History isn't a march to the promised land
Americans largely subscribe to the "Whig view" of history: the belief that our liberal values enshrined in the Constitution are powering us forward to an ever-freer and ever-richer future.
This belief is deeply rooted in a Judeo-Christian conception of history, one in which we are all trying to reach the Promised Land, which some have conflated with the United States itself.
President Ronald Reagan famously described the United States as a "shining city on a hill," which echoed an important 1630 sermon by the Puritan John Winthrop, one of America's first colonists who said "we shall be as a City upon a Hill."
History warns us, however, that a steady march to the promised land is fallacious -- as much as we all might want to believe in it.

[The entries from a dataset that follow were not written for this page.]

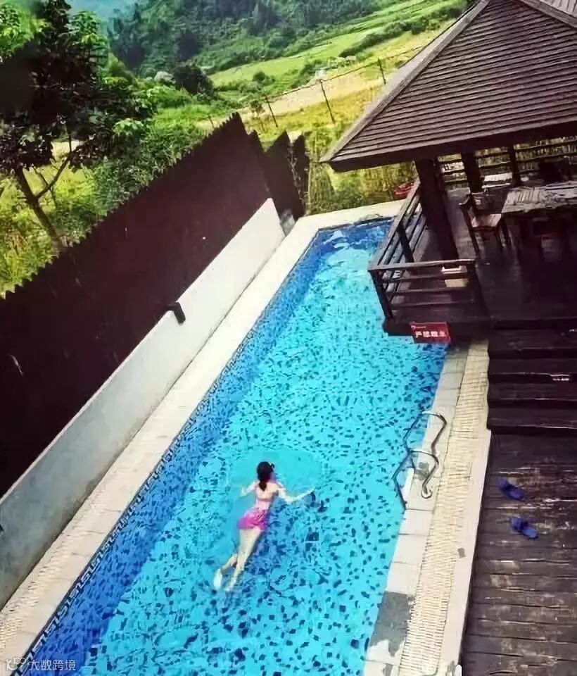 无边温泉池,仰看乡村梯田
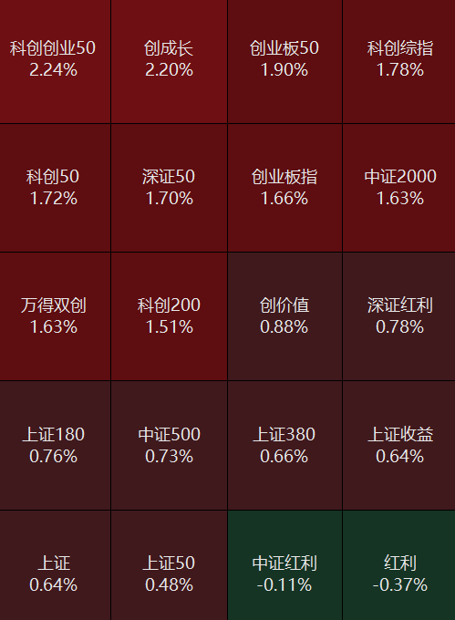 沪指收盘涨0.64%,报4108.57点,深证成指涨1.23%,报14088.84点,创业板指涨1.66%,报3216.94点,北证50涨1.12%,报1427.23点,科创50涨1.72%,报1405.35点。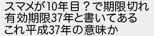 391: 388 [sage] 2025/08/25(月) 20:00:44.60 スマメが10年目?で期限切れ 有効期限37年と書いてある これ平成37年の意味か http://egg.5ch.net/test/read.cgi/atom/1663644331/391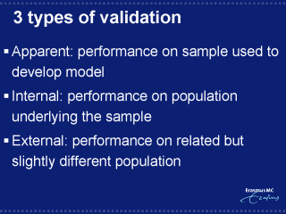 | The previous graph showed the apparent validity of a regression model. It is of more interest to study the internal validity, that is the performance on an underlying population (also labelled ‘reproducibility’), or external validity, that is the performance on a different population (also labelled ‘generalizability’ or ‘transportability’). |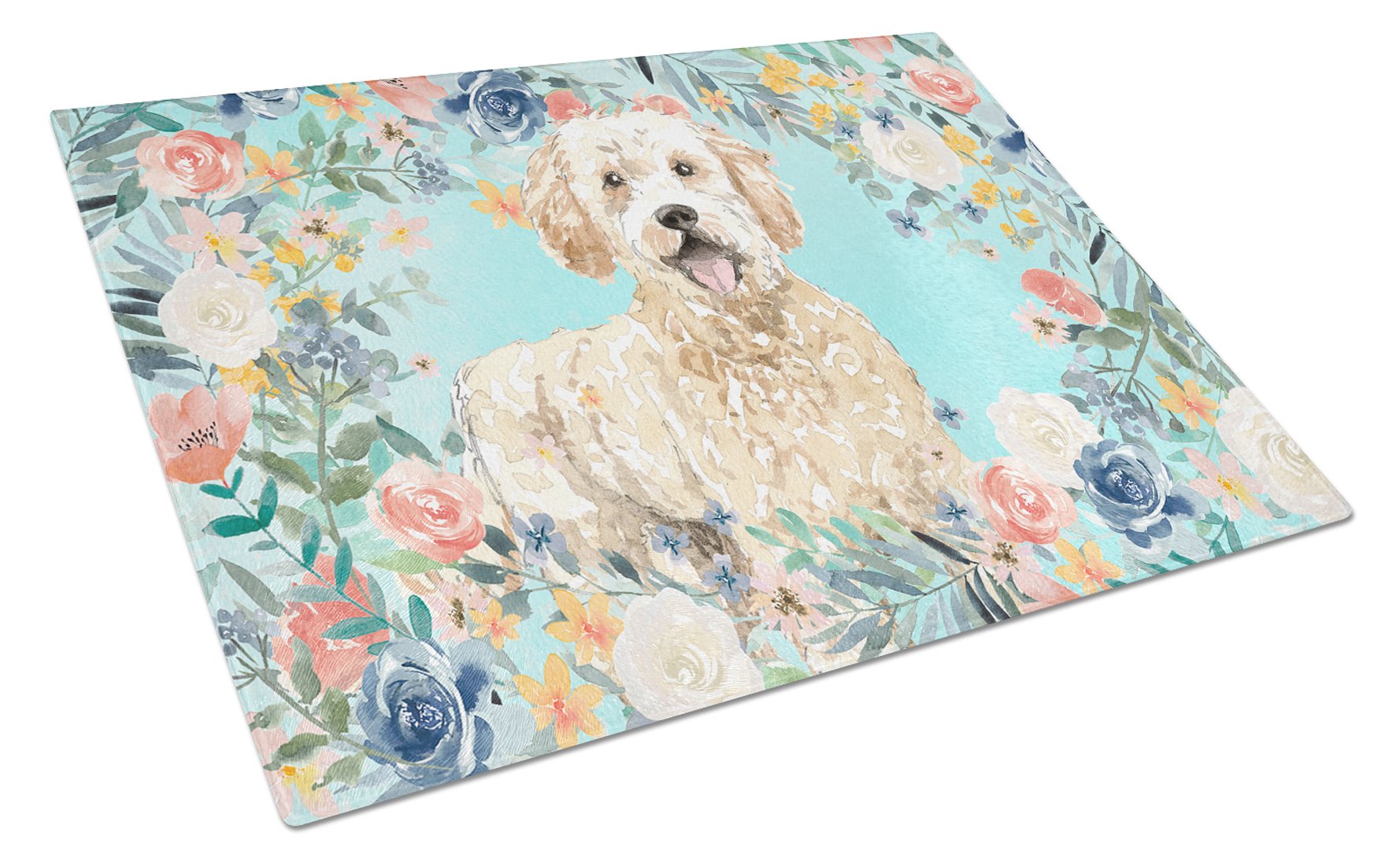 Decorate your space with our Goldendoodle artwork on a Cutting Board. Introduce your kitchen to the vibrant, large Decorative Glass Cutting Board from Caroline's Treasures. Crafted from resilient tempered glass, this board is not only a utilitarian necessity but also a colorful art piece. With its generous dimensions of 15 inches in height and 12 inches in length, it offers ample space for all your cutting needs. Every piece showcases captivating artwork from distinguished artists, bringing an aesthetic edge to your kitchen. Beyond its attractive design, this cutting board ensures your countertop stays pristine and unscathed, owing to its heat-resistant properties. Engineered with user convenience in mind, it features non-skid feet for stability, and rounded corners for additional safety. Its robust construction renders it virtually unbreakable, guaranteeing longevity. The board comes with protective feet bumpers, maintaining its position during use. This product is recommended to be hand washed only. Proudly printed and assembled in the United States, this cutting board exemplifies superior craftsmanship. With Caroline's Treasures' Decorative Glass Cutting Board, you're investing in a blend of functionality and artistic flair.
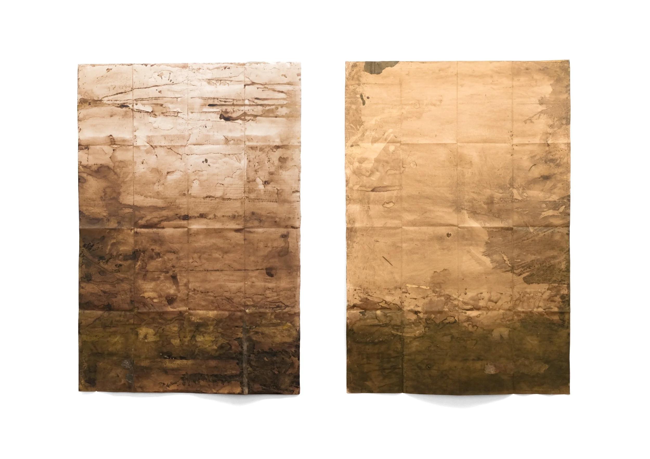 Mapa de Garzón 2/5 (doble cara), 2023, técnica mixta, hierro oxidado y agua del arroyo de Garzón sobre papel, 150×100 cm

In the summer of 1914, there was arguably no more peaceful, prosperous and well-connected world that had ever existed on earth. Countries were bound together by new trade routes, which were enabled by steam ships, trains and the telegraph. Important strides in public health such as the germ theory of disease and the discovery that cholera was spread by contaminated water had been made in the West. And for a century, since the defeat of Napoleon at Waterloo in 1815, there were no pan-European wars.

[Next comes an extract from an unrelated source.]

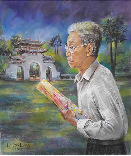 Cờ đỏ sao vàng bay phấp phới sau lái chiếc tàu tuần biển của Pháp mà ta đã sung công. Vài toán thanh niên xếp hàng hai, đang tập đi, với phong cách quân đội chính quy, vài cậu xách lựu đạn nội hóa hình bầu dục, đúc bằng đồng, phía sau có cái đuôi khá dài. Khi ném, nắm cái đuôi như nắm sợi dây, quay tròn, lấy trớn rồi buông tay, trái lựu đạn sẽ đi xa và rơi cầu vồng, nhờ cái đuôi điều chỉnh. Họ hát “nào anh em ta cùng nhau xông pha lên đàng”, mặc quần cụt, chân mang dép bằng nhựa cao su còn tươi, chưa sơ chế”...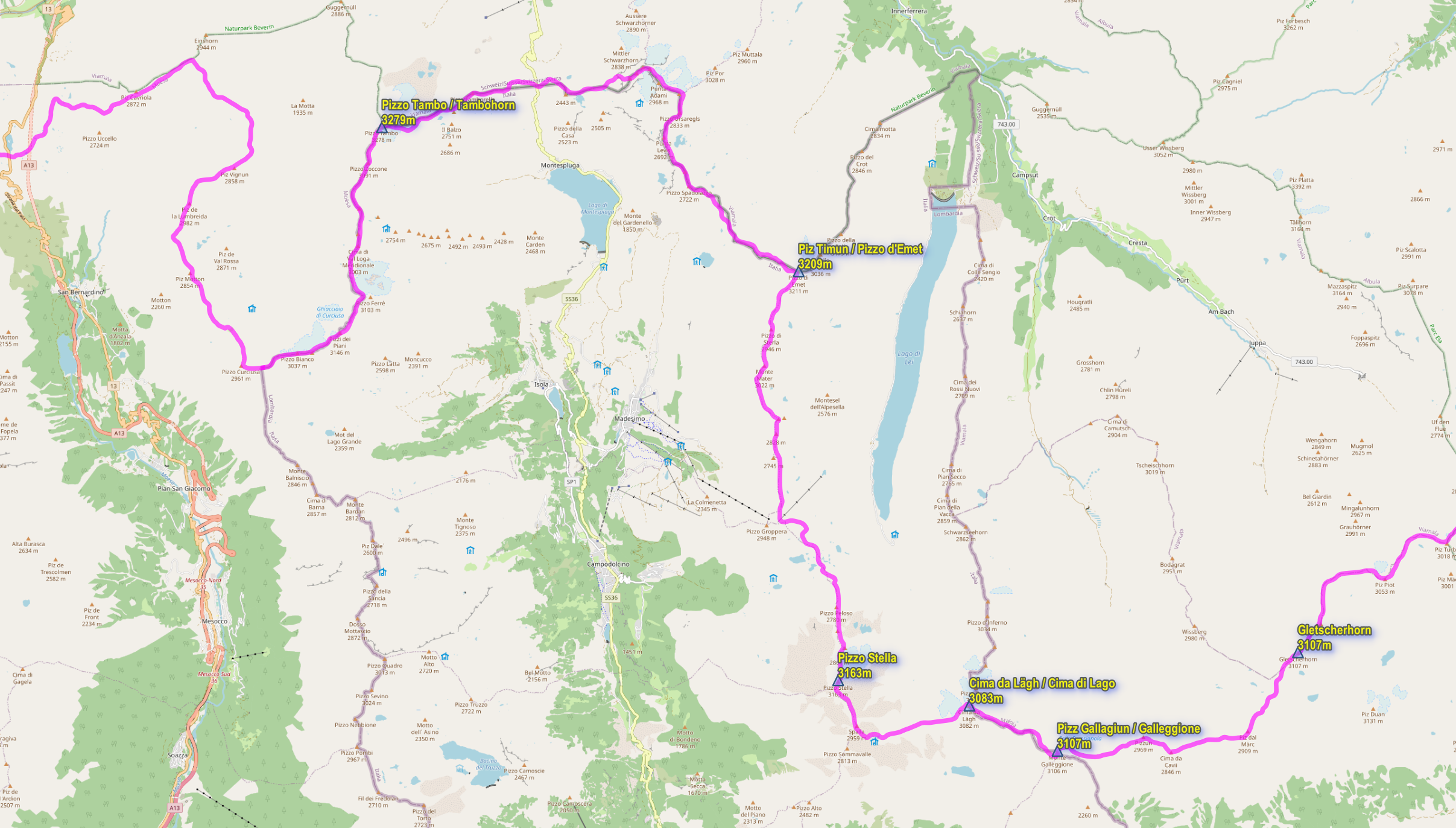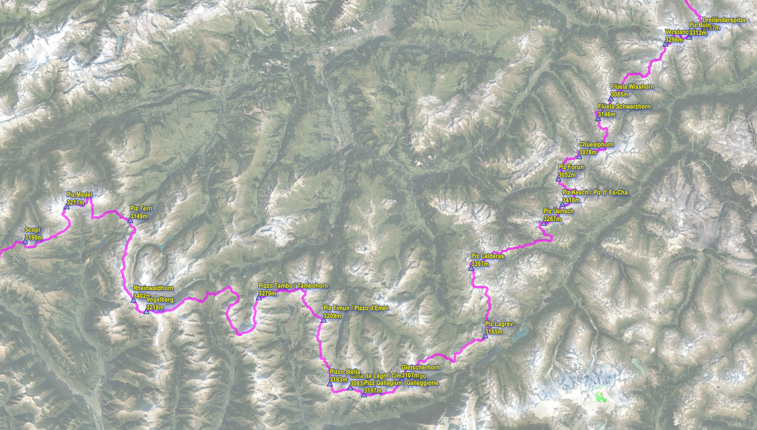 알프스 대간 중 해발 3,000m가 넘는 고봉들은 총 36개가 있으며, 그 중 5개는 이탈이아와 스위스 국경선에 그리고 2개는 오스트리아와 스위스 국경에 위치한다. 따라서 총 29개의 고봉들은 스위스 영토내에 있다.

None of the great powers thought that the Great War would cause the collapse of the Turkish, Russian, German and Austro-Hungarian empires and would contribute to the eventual dissolution of the British empire. Yet all these monarchies and peoples went into the war with the firm belief that God was on their side. 17 million people died during World War I. The Spanish influenza at the end of that war killed tens of millions more.

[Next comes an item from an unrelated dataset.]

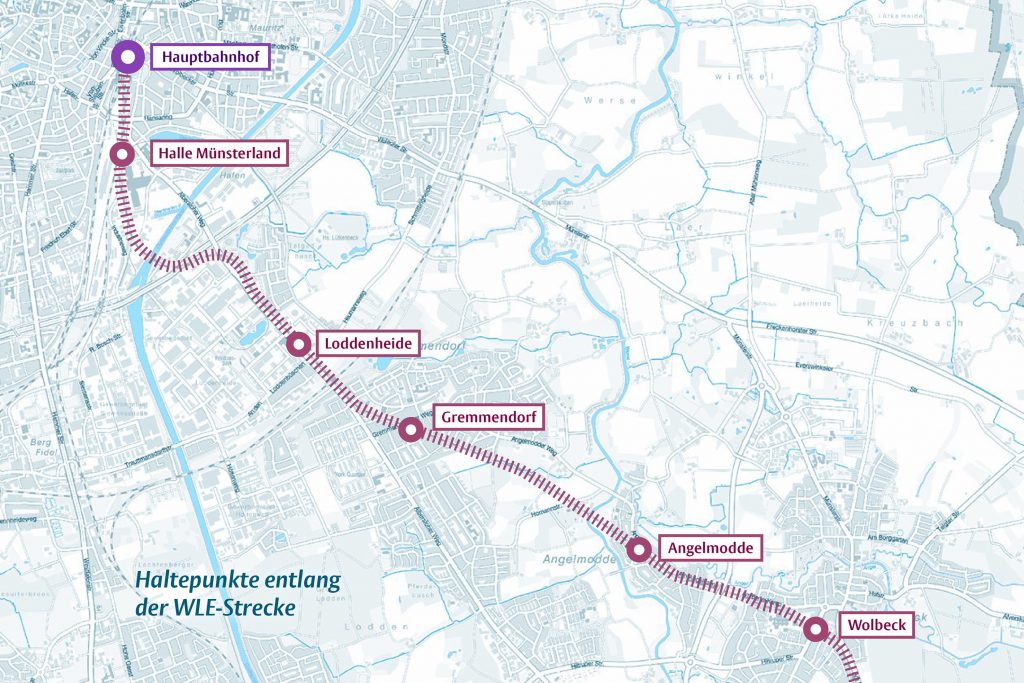 Vom Hauptbahnhof aus sollen die Züge künftig an fünf Stationen auf dem Stadtgebiet – Halle Münsterland, Loddenheide, Gremmendorf, Angelmodde und Wolbeck – Halt machen, über Albersloh geht die Fahrt dann weiter nach Sendenhorst. Für jeden der fünf Haltepunkte in Münster hat die Stadt eine Mobilstation geplant, die insbesondere den Umstieg zwischen Bahn und Fahrrad erleichtern soll.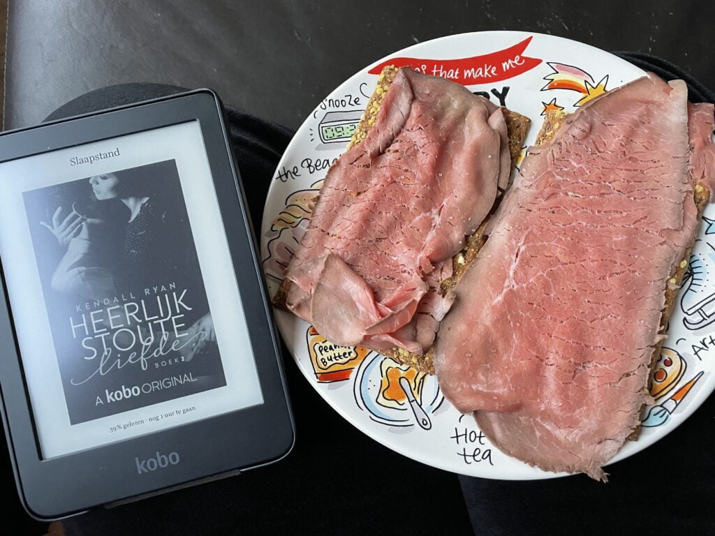 Verschil moet er zijn, want ik ontbijt met crackers met rosbief, terwijl ik nog even verder lees in mijn nieuwe Kobo Clara.

It would be deeply ahistorical to believe that we might not face similar problems ourselves.
"History never repeats itself but it rhymes," is an observation sometimes attributed to Mark Twain. The 20th century almost certainly was the peak of American power, but as Americans now face a rising China, history suggests that at some point both China and the United States will end up in some kind of war that will greatly damage both powers.
President Trump's National Security Advisor, Lt. Gen H.R. McMaster, has frequently observed that "People fight today for the same fundamental reasons the Greek historian Thucydides identified nearly 2,500 years ago: fear, honor and interest."
"Based on the current trajectory, war between the United States and China in the decades ahead is not just possible, but much more likely than recognized at the moment," Harvard political scientist Graham Allison wrote in 2015. "Indeed, judging by the historical record, war is more likely than not."
Just as the Spanish influenza killed 50 million in the wake of World War I, the fast rate of the warming climate and the rise of antibiotic-resistant super viruses may also trigger a massive pandemic that we will have scant resistance to.
Current advances in gene editing technologies may also allow states or terrorists to construct viruses that simply wipe out whole categories of humans whom they don't regard as people. Does anyone doubt that if Osama bin Laden had had access to gene editing technologies, he would have used them against his enemies?
Getting it right
We also study the past to understand how great leaders come to grasp and master the currents of history more deeply than others.
British Prime Minister Winston Churchill understood the gathering threat posed by Nazi Germany long before his peers did. And Abraham Lincoln felt that slavery had to end before many of his colleagues did.
George Washington learned from his narrow escape from New York that fighting pitched battles with the British -- the world's then-superpower -- was unlikely to win the war and that he would have to modify his tactics and fight a long war of attrition against them, which is why we can celebrate July Fourth in peace today.
Hopefully we can continue to do so. But history suggests that this is more of an aspiration than a certainty.